WASHINGTON, D.C. – House Ways and Means Committee Chairman Kevin Brady (R-TX), Senate Finance Committee Chairman Orrin Hatch (R-UT), and House Ways and Means Oversight Subcommittee Chairman Peter Roskam (R-IL) today sent a letter to Internal Revenue Service (IRS) Commissioner John Koskinen after the Treasury Inspector General for Tax Administration (TIGTA) released a report revealing the IRS’s ongoing failure to modernize its email system. The Office of Management and Budget (OMB) in 2012 required all federal agencies to update their email system by the end of 2016. The TIGTA report found the IRS wasted $12 million on an inadequate email system that fails to meet the IRS’s own security requirements and may have violated federal contracting and appropriations laws.

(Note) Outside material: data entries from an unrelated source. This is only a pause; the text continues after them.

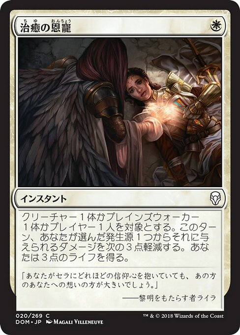 ![]() Variations— Parts— | Healing GracePrevent the next 3 damage that would be dealt to any target this turn by a source of your choice. You gain 3 life.
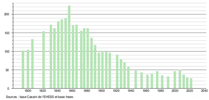 L'évolution du nombre d'habitants est connue à travers les recensements de la population effectués dans la commune depuis 1793. Pour les communes de moins de 10 000 habitants, une enquête de recensement portant sur toute la population est réalisée tous les cinq ans, les populations légales des années intermédiaires étant quant à elles estimées par interpolation ou extrapolation[17]. Pour la commune, le premier recensement exhaustif entrant dans le cadre du nouveau dispositif a été réalisé en 2006[18].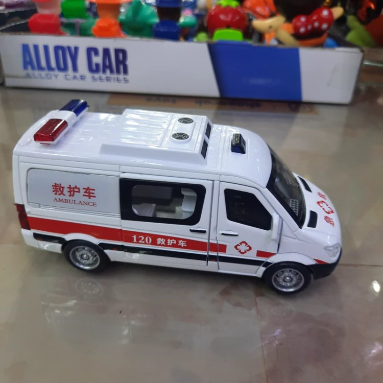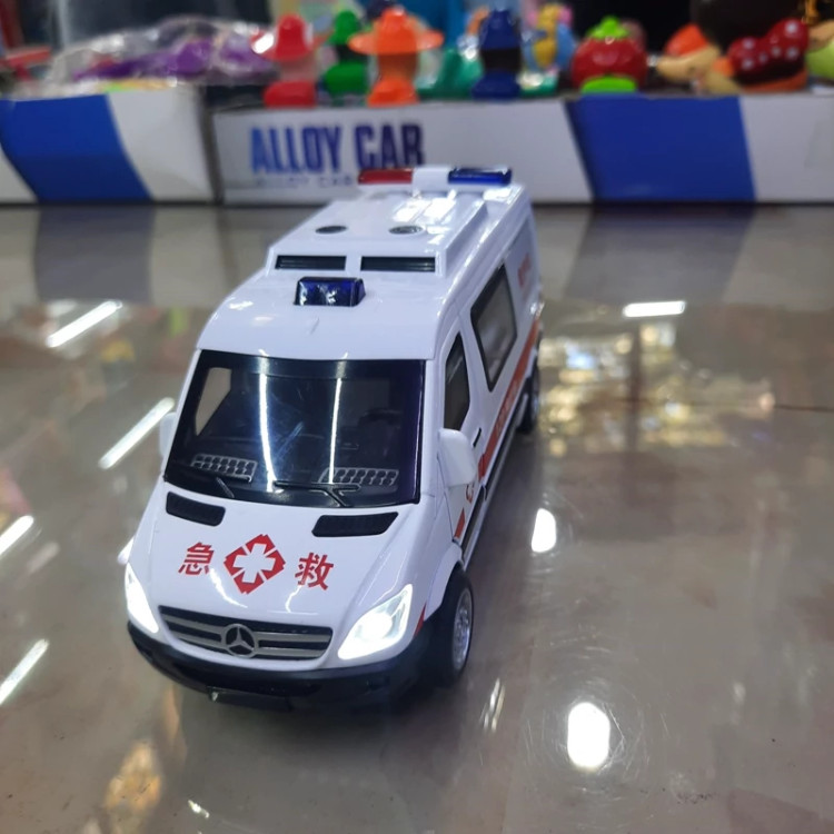 ماکت فلزی آمبولانس موزیکال (آژیردار) چراغدار عقب کش پنج در بازشو محصولی وازداتی

In the letter, the Chairmen call for IRS officials to brief Congress soon on these failures, as well as outline the Agency’s plan to modernize its email system. They wrote:

“As a result of the IRS’s carelessness, the Agency will not meet OMB’s December 31, 2016, deadline to modernize its email system, wasting millions of taxpayer dollars and further delaying full IRS transparency and accountability. These failures are unacceptable and must be addressed.” 

CLICK HERE to read the full text of the letter.

The Honorable John Koskinen
Commissioner
Internal Revenue Service
1111 Constitution Avenue, NW
Washington, D.C. 20224

Dear Commissioner Koskinen:

The Senate Finance Committee and House Ways and Means Committee have long been concerned about the Internal Revenue Service’s failure to properly preserve its electronic records and implement systems to search for and produce records in response to litigation and congressional requests. On October 13, 2016, the Treasury Inspector General for Tax Administration (TIGTA) reported that not only has the IRS failed to implement a modernized email system, it also wasted $12 million on subscriptions to a new email system that it ultimately never used because the system did not meet the IRS’s own security requirements.   Moreover, TIGTA found that the IRS may have violated its own contracting procedures and federal contracting law requirements because it failed to conduct a full and open competition for the contract.   We write to request the IRS Chief Information Officer (CIO) brief the committees on these inexcusable failures.

The Office of Management and Budget (OMB) has recognized that federal email systems must be modernized in order to properly preserve federal records and ensure accountability to the American taxpayer. On August 24, 2012, OMB issued a directive to all federal agencies requiring them to “manage all email records in an electronic format” in a system “that supports records management and litigation requirements . . . including the capability to identify, retrieve, and retain the records for as long as they are needed” by December 31, 2016.   Two years later, the IRS “made a management decision to consider the enterprise e-mail project an upgrade to existing software and not a new development project or program,” —and therefore did not open the contract to competition as required by the Internal Revenue Manual.   Moreover, according to TIGTA, the IRS did not perform “the required and necessary cost analysis, security assessments, and requirements analysis to implement the software products prior to the purchase of the subscriptions.”   Because of these failures, “the IRS wasted $12 million on subscriptions and renewal fees for software that was never deployed.”

Furthermore, it appears the IRS may have broken federal appropriations law in the course of purchasing the subscriptions. An annual appropriation generally may only be used to meet a bona fide need arising in the fiscal year for which the money was appropriated.   TIGTA found that the IRS “may have violated the bona fide needs rule when it purchased the subscriptions in Fiscal Years 2014 and 2015 by using Fiscal Years 2014 and 2015 appropriations and not deploying the software subscriptions in those years.”

As a result of the IRS’s carelessness, the Service will not meet OMB’s December 31, 2016, deadline to modernize its email system, wasting millions of taxpayer dollars and further delaying full IRS transparency and accountability. To help the committees better understand the IRS’s plans to comply with OMB’s directive and to mitigate the delays and costs created by the decision to shortcut its own standard contracting procedures, the Committees request that the IRS CIO, Gina Garza, brief the staff of both Committees no later than November 2, 2016.

Thank you for your assistance with this request.